Per uno di quei misteri editoriali che solo col tempo potremo compiutamente spiegare, è ben strano che un libro apparentemente destinato a una cerchia di devoti mariani si segnali piuttosto come un siluro di controstoria revisionistica sul periodo delle occupazioni napoleoniche in Italia, sottolineando, se ce ne fosse ancora bisogno, l’ostilità delle nostre popolazioni alle novità francesi di stampo «giacobino» e ai governi fantoccio che ne scaturirono. A noi empolesi quel che più interessa è peraltro la riesumazione a tutto campo che gli illustri autori han fatto di un nostro grande concittadino dimenticato, quel Giovanni Marchetti partito da Empoli oscuro avvocaticchio e finito arcivescovo dopo aver dominato con la sua erudiziene e la sua ortodossia intransigente la curia pontificia per almeno trent’anni.

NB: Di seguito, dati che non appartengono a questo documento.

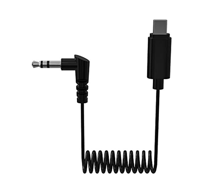 The cable includes a male right-angle 3.5mm TRS connector and a male USB-C connector. The coiled design reduces slack on set and stretches when additional length is required. This format keeps the cable compact when not under tension and reduces strain on connectors.

E che anni! Le polemiche contro il giansenismo, le battaglie contro la massoneria accusata di aver fomentato la Rivoluzione Francese, la scomunica a Napoleone, le dispute bibliche e teologiche, le persecuzioni, la galera, il confino contrassegnarono la vita travagliata di Giovanni Marchetti, autore di un centinaio di volumi e di migliaia di articoli in difesa della religiosità tradizionale. Una figura davvero d’altri tempi, specie a confronto con certi odierni corifei di tutti i relativismi. Siamo dunque grati, come empolesi, a Messori e a Camilleri per l’inatteso «revival» marchettiano, anche se il tema del loro saggio non va oltre l’ondata di prodigi mariani nell’Italia invasa da Napoleone. Non ignoriamo, infatti, per quanto ci riguarda da vicino, il ruolo del Marchetti nell’insorgenza del «Viva Maria» (che a Empoli, protoinsurgente, fu però più politica che «madonnara») e soprattutto nella fondazione della nostra Biblioteca Comunale, poi dedicata, per tutto ringraziamento, a quel ‘mangiapreti’ di Renato Fucini.

La tomba del fiero «martello del giansenismo» è in Collegiata. Per chi ci crede, si merita ancora un’Ave Maria.